┌─ Record excerpts
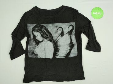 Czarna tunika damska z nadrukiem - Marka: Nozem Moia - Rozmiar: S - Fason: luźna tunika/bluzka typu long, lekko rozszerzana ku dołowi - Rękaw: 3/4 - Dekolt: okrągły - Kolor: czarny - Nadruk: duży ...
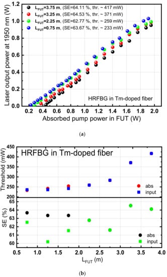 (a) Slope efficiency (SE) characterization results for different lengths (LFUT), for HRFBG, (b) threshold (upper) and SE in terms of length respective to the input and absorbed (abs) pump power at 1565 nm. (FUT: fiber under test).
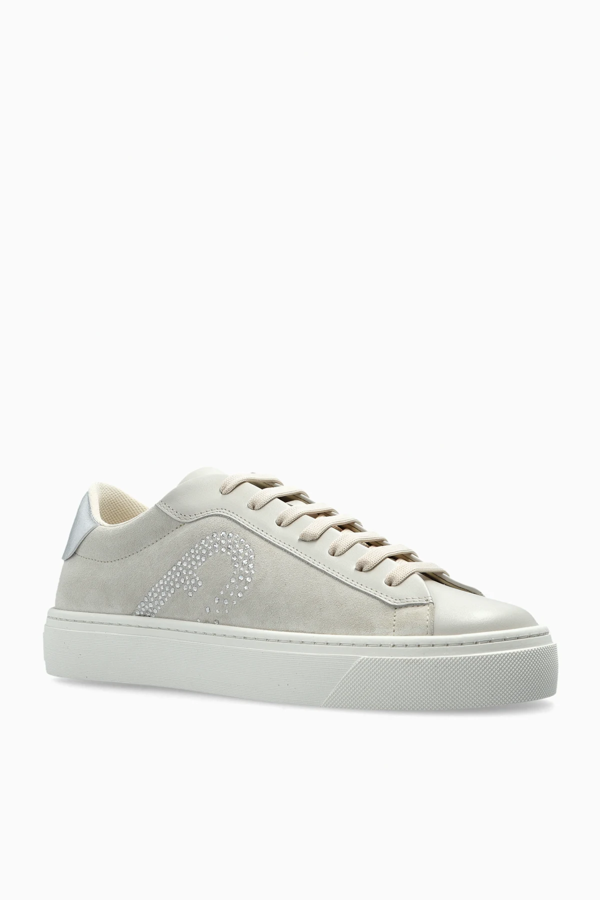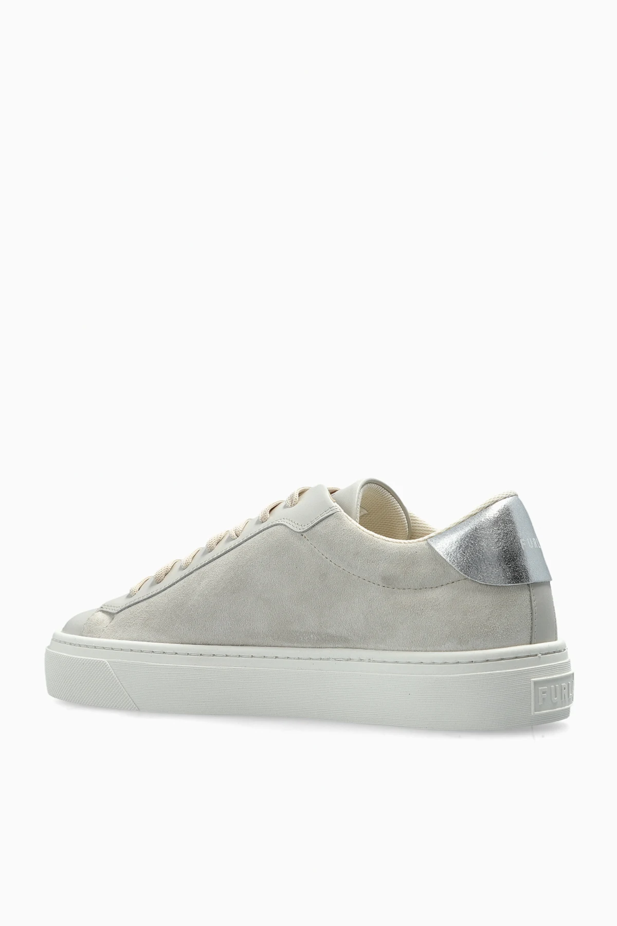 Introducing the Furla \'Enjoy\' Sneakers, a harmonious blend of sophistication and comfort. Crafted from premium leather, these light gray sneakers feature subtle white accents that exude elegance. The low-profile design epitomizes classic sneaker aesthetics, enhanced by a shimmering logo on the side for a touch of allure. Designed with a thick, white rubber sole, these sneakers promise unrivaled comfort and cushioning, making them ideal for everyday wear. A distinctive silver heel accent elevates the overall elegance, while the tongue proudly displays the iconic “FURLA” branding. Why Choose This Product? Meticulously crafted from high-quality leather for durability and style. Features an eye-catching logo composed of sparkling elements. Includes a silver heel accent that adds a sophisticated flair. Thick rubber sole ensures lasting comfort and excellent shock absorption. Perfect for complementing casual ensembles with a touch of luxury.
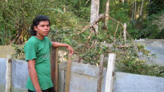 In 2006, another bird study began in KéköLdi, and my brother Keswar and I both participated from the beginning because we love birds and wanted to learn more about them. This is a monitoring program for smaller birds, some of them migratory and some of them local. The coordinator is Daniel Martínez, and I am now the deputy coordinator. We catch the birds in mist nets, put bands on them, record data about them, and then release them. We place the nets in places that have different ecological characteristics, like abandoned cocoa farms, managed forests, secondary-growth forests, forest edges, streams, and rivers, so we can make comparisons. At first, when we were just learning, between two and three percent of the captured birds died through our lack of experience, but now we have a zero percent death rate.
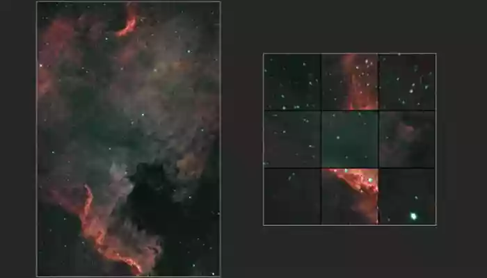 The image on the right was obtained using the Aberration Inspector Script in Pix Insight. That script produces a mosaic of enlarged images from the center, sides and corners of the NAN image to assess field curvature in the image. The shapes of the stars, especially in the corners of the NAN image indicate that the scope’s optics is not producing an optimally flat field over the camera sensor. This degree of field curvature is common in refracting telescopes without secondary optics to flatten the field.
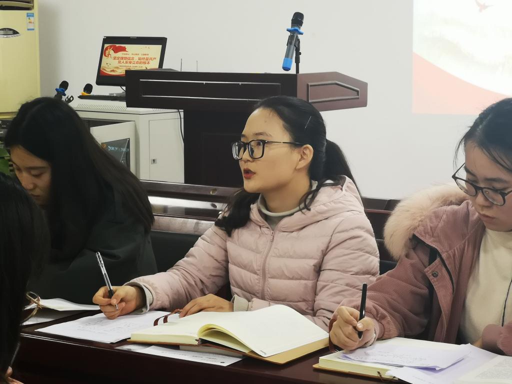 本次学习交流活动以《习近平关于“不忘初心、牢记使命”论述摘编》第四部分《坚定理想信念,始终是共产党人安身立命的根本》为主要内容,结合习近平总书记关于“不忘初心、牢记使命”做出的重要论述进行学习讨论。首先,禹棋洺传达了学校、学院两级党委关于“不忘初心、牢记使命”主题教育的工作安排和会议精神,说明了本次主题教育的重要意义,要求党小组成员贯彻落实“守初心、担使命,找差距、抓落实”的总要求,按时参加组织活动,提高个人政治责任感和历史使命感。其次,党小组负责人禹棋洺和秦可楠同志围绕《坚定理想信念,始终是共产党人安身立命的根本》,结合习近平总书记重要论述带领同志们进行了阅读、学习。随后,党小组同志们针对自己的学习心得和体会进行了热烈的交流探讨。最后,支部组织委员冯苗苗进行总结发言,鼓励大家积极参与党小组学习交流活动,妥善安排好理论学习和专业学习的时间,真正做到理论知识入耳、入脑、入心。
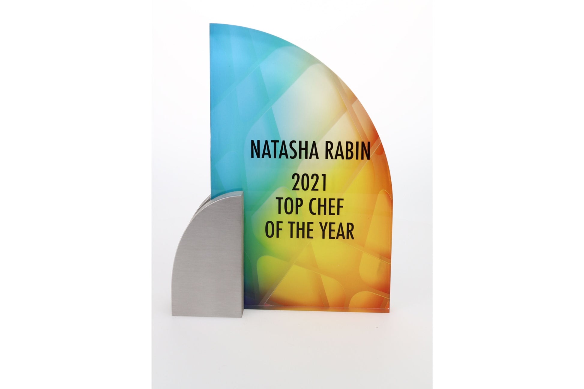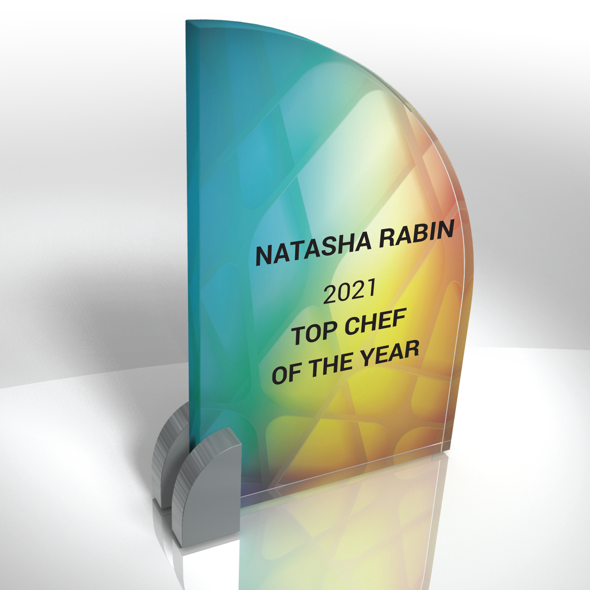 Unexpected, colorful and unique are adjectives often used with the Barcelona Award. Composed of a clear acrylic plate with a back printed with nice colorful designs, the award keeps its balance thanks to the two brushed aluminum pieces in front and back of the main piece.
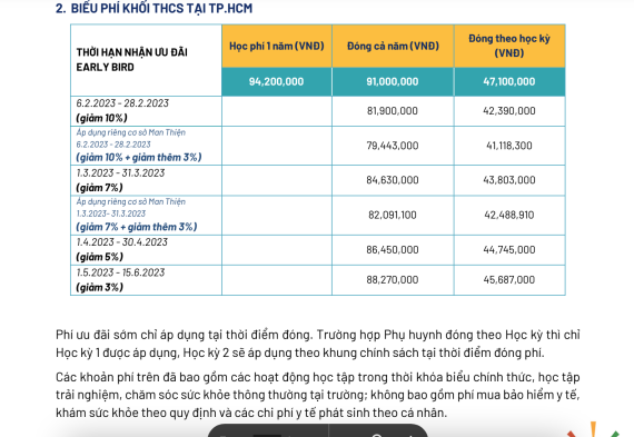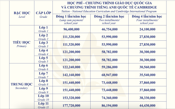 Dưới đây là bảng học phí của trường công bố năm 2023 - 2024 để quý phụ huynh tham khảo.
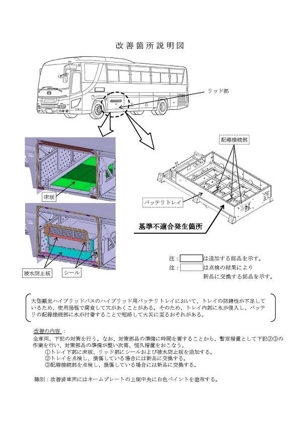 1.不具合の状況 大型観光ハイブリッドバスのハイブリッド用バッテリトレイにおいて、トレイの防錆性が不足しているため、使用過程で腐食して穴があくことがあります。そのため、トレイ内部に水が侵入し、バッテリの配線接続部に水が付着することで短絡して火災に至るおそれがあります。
└─
Problem to solve.
Give back the whole listing exactly as it stands. No pictures belong in the copy.

Solved exercise.
 Czarna tunika damska z nadrukiem - Marka: Nozem Moia - Rozmiar: S - Fason: luźna tunika/bluzka typu long, lekko rozszerzana ku dołowi - Rękaw: 3/4 - Dekolt: okrągły - Kolor: czarny - Nadruk: duży ...
 (a) Slope efficiency (SE) characterization results for different lengths (LFUT), for HRFBG, (b) threshold (upper) and SE in terms of length respective to the input and absorbed (abs) pump power at 1565 nm. (FUT: fiber under test).
 Introducing the Furla \'Enjoy\' Sneakers, a harmonious blend of sophistication and comfort. Crafted from premium leather, these light gray sneakers feature subtle white accents that exude elegance. The low-profile design epitomizes classic sneaker aesthetics, enhanced by a shimmering logo on the side for a touch of allure. Designed with a thick, white rubber sole, these sneakers promise unrivaled comfort and cushioning, making them ideal for everyday wear. A distinctive silver heel accent elevates the overall elegance, while the tongue proudly displays the iconic “FURLA” branding. Why Choose This Product? Meticulously crafted from high-quality leather for durability and style. Features an eye-catching logo composed of sparkling elements. Includes a silver heel accent that adds a sophisticated flair. Thick rubber sole ensures lasting comfort and excellent shock absorption. Perfect for complementing casual ensembles with a touch of luxury.
 In 2006, another bird study began in KéköLdi, and my brother Keswar and I both participated from the beginning because we love birds and wanted to learn more about them. This is a monitoring program for smaller birds, some of them migratory and some of them local. The coordinator is Daniel Martínez, and I am now the deputy coordinator. We catch the birds in mist nets, put bands on them, record data about them, and then release them. We place the nets in places that have different ecological characteristics, like abandoned cocoa farms, managed forests, secondary-growth forests, forest edges, streams, and rivers, so we can make comparisons. At first, when we were just learning, between two and three percent of the captured birds died through our lack of experience, but now we have a zero percent death rate.
 The image on the right was obtained using the Aberration Inspector Script in Pix Insight. That script produces a mosaic of enlarged images from the center, sides and corners of the NAN image to assess field curvature in the image. The shapes of the stars, especially in the corners of the NAN image indicate that the scope’s optics is not producing an optimally flat field over the camera sensor. This degree of field curvature is common in refracting telescopes without secondary optics to flatten the field.
 本次学习交流活动以《习近平关于“不忘初心、牢记使命”论述摘编》第四部分《坚定理想信念,始终是共产党人安身立命的根本》为主要内容,结合习近平总书记关于“不忘初心、牢记使命”做出的重要论述进行学习讨论。首先,禹棋洺传达了学校、学院两级党委关于“不忘初心、牢记使命”主题教育的工作安排和会议精神,说明了本次主题教育的重要意义,要求党小组成员贯彻落实“守初心、担使命,找差距、抓落实”的总要求,按时参加组织活动,提高个人政治责任感和历史使命感。其次,党小组负责人禹棋洺和秦可楠同志围绕《坚定理想信念,始终是共产党人安身立命的根本》,结合习近平总书记重要论述带领同志们进行了阅读、学习。随后,党小组同志们针对自己的学习心得和体会进行了热烈的交流探讨。最后,支部组织委员冯苗苗进行总结发言,鼓励大家积极参与党小组学习交流活动,妥善安排好理论学习和专业学习的时间,真正做到理论知识入耳、入脑、入心。
 Unexpected, colorful and unique are adjectives often used with the Barcelona Award. Composed of a clear acrylic plate with a back printed with nice colorful designs, the award keeps its balance thanks to the two brushed aluminum pieces in front and back of the main piece.
 Dưới đây là bảng học phí của trường công bố năm 2023 - 2024 để quý phụ huynh tham khảo.
 1.不具合の状況 大型観光ハイブリッドバスのハイブリッド用バッテリトレイにおいて、トレイの防錆性が不足しているため、使用過程で腐食して穴があくことがあります。そのため、トレイ内部に水が侵入し、バッテリの配線接続部に水が付着することで短絡して火災に至るおそれがあります。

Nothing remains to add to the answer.